Vorausschauende Planung für mehr Sicherheit
Mit Hazop-Analysen werden Fragen nach Zuständigkeiten, notwendigen Dokumenten und Sicherheitsaspekten systematisch und frühzeitig erörtert. Bereits im Vorfeld können dadurch Probleme bei der Abstimmung vermieden und konkrete Lösungswege aufgezeigt werden. Ebenso werden in den Experten-Diskussionen transparent für alle Beteiligten Fragen zu Verfahren, Baustoffen, Normen, formellen Abläufen, bürokratischen Prozessen und Verantwortlichkeiten angesprochen und geklärt.
Auf den ersten Blick mag dieser Aufwand hoch erscheinen. Doch die Analyse zahlt sich im weiteren Prozessablauf aus, weil schon alle Eventualitäten in den Blick der Beteiligten gerückt sind.
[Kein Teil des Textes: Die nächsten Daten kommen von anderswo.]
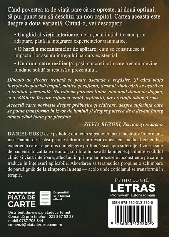 DANIEL RUSU este psiholog clinician si psihoterapeut integrativ in formare, insa inainte de a pasi pe acest drum a profesat ca asistent medical generalist, experienta care i-a permis o intelegere profunda si asupra suferintei fizice a sute de pacienti. Aceasta perspectiva dubla ii permite sa aduca rigoare si blandete pe aceeasi pagina. In calitate de autor, scriitura lui se afla la intersectia dintre vizibilul clinic si viata interioara, aducand in prim-plan procesele inconstiente pe care le traduce in intelesuri aplicabile.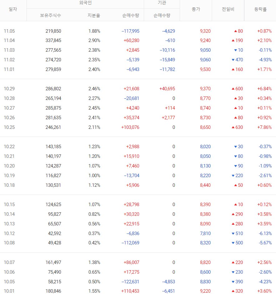 ㄱ) 10월 1일부터 현재까지 개인은 25.3억원 매도, 외국인 22.1억원 매수, 기관 0.97억원 매수하였다.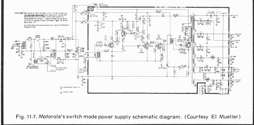 One of the handy features of this supply, however, is the plug board (part of PW600) that contains all rectifiers and the large thermistor for the degaussing coil. If you suspect any of these elements being faulty, simply pull the MAB module, substitute another, and find out. MOTOROLA'S SWITCHING POWER SUPPLY FOR CTV7-8 CHASSIS Like the "offshore" beginning of Instamatic, Accu-Matic, or by whatever name present chroma and other controls have become known, this general power supply had some foreign origins, too, but its U.S. introduction is very likely the beginning of an era of all sorts of switching power supplies. Why? Because of utility, less expense, lighter power trans formers, stepdown instead of stepup voltages, and the other advantages named earlier in this section. To this Motorola power supply they all apply. And, since a picture can sometimes tell more than 1,000 words, look at the difference in Fig. 11-6 between Motorola's new and original all-AC regulated Quasar power supplies in terms of filtering, size of components such as capacitors, the power transformer, huge dropping resistors on top the regulator subchassis. In addition, almost the complete supply is made of plug-in modules and can be removed by simply unplugging panel JA in any of the Quasar CTV7 and CTV8 solid-state receivers. The schematic for the switch mode supply is shown in Fig. 11-7. As you can see, except for full-wave rectifier diodes, filament transformer, several other coils, and the degaussing units, most of the circuitry fits snugly on plug panel JA. The input voltage doubler is made up of D800, D801, and capacitors C800 and C801, collectively, that are attached to one side of the AC line. C800 also goes to isolated ground. Rectified AC charges C800A, C801 alternately plus the other capacitors, and D800 passes a total WVDC about 300 volts that, because of drops and loads, becomes 280 usable volts. This filtered DC is now brought over the top of panel JA, in through terminal 10, to the primary of low-voltage transformer T3. (In block diagram form, this DC connection and the ensuing circuit description is shown in Fig. 11-8. You may follow both the schematic and block outline together.) DC energizes the primary of the transformer through the action of output switch Q8 to isolated ground. This switch is driven through a series of three other transistors plus a regulator, and all are protected by a silicon controlled rectifier (SCR) crowbar microsecond shut off.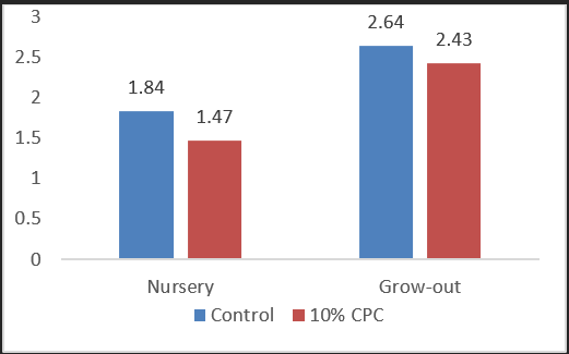 Kết quả thí nghiệm ở giai đoạn cá hương và cá thịt nuôi lồng bè cũng cho thấy 10% CPC thay thế bột cá trong thức ăn đối chứng thương mại cho kết quả vượt trội và cao hơn với khác biệt có nghĩa thống kê về sinh khối, trọng lượng thu hoạch, % tăng trọng so với thức ăn đối chứng trong khi hệ số thức ăn thấp khác biệt có ý nghĩa thống kê so với đối chứng (Bảng 3 & 4).

So werden projektkritische „Reibungsverluste“ und „unliebsame Überraschungen“ vermieden, die fast immer aus einer unzureichenden Dokumentation, nicht eingehaltenen Vorschriften und den später auftretenden Mängeln im tatsächlichen Betrieb resultieren.
Ein weiterer Vorteil der Hazop-Analyse: Sie liefert von Anfang an einen umfassenden Überblick über den Sicherheitsstandard der Geothermieanlage, was sich stets positiv auf die Verhandlungen mit Versicherungen und die Durchführung der Genehmigungsverfahren auswirken kann.